As for write reordering: write-ahead log systems relies on correct write order. All DBs worth their name enforce this one way or another (via special API, via config requirements etc etc)

Klathmon · on June 14, 2017

I'm surprised that there aren't any tools provided by various databases to handle that usecase.

Something which can abstract away the storage on-disk of large blobs and manage/maintain them over time to prevent a lot of the issues you talk about, but still give the ability for raw file access if/when it's needed.

I've given it all of 10 seconds of thought, but even something like a DB type of a file handle would be useful. Do a query, get back a handle to a file that you can treat just like you opened it yourself.

rusanu · on June 14, 2017

To name just a few:

Filestream https://docs.microsoft.com/en-us/sql/relational-databases/bl...

File Tables https://docs.microsoft.com/en-us/sql/relational-databases/bl...

Remote Blob Storage https://docs.microsoft.com/en-us/sql/relational-databases/bl...

BFILE http://docs.oracle.com/cd/E11882_01/appdev.112/e18294/adlob_...

I'm sure there are more. But rest assured, they do cost, and usually a lot.

rusanu · on June 14, 2017

> Do a query, get back a handle to a file that you can treat just like you opened it yourself

Things are a bit more complex. For one, the trivial problem of client vs. server host. The DB cannot return a handle (a FD) from the server, because it has no meaning on the host running the app. The second problem is that any file manipulation must conform to the DB semantics for transactions, locking, rollback and recovery.

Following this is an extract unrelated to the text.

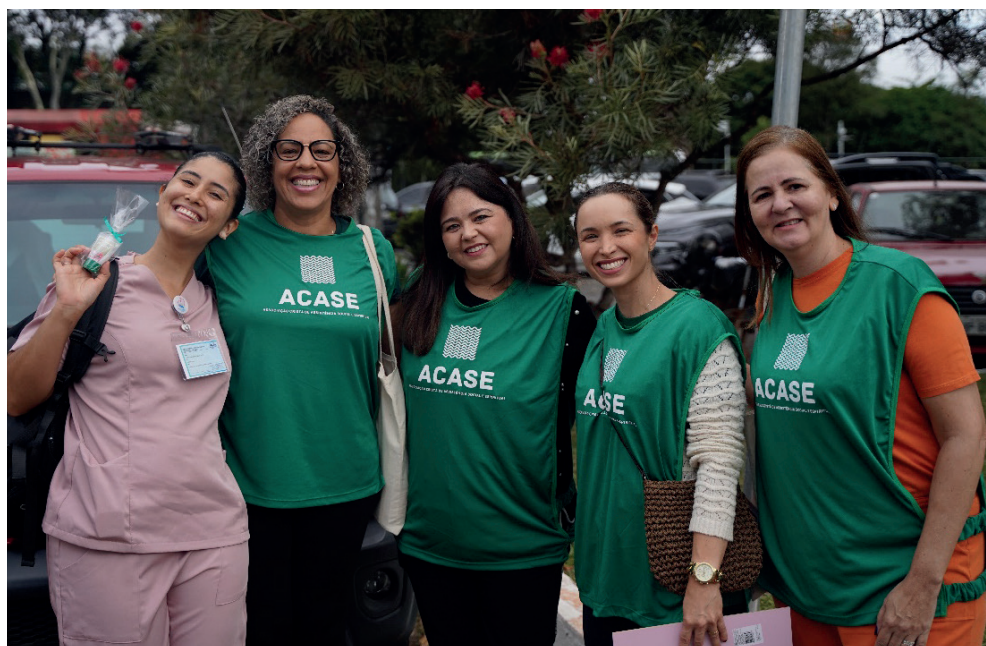
Voluntárias mulheres presenteiam funcionária do hospital

What you describe does exists, is the FileStream feature that dates back to 2007 if I remember correctly. I'm describing the SQL Server feature since this is what I'm familiar with. The app queries the DB for a token, using GET_FILESTREAM_TRANSACTION_CONTEXT[0] and then uses this token to get a Win32 handle for the 'file' using OpenSqlFilestream[1]. The result handle is valid for usual file handle operations (read, write, seek etc). There were great expectations on this feature, but in real life it flopped. For one it caused all sort of operational headache from the increased DB files size (increased backups size etc) or from problems like having to investigate 'filestream thumbstone status'[2]. But more importantly, adoption required application rewrite (to use the OpenSqlFilestream), which of course never materialized.

File Tables is a newer stab at this problem and this one does allow to expose the DB files as a network share and apps can create and manipulate files on this share and everything is backed by the DB behind the scenes. But turns out a lot of apps do all sort of crazy things with the files, like copy-rename and swap as means to do failure safe saves, but many such operations are significantly more expensive in DB context. And when the DB content is manipulated directly by the apps that 'think' they interact with the filesystem, a lot of useful metadata is never collected in the DB, since the file API used never requires it (think file author, subject etc).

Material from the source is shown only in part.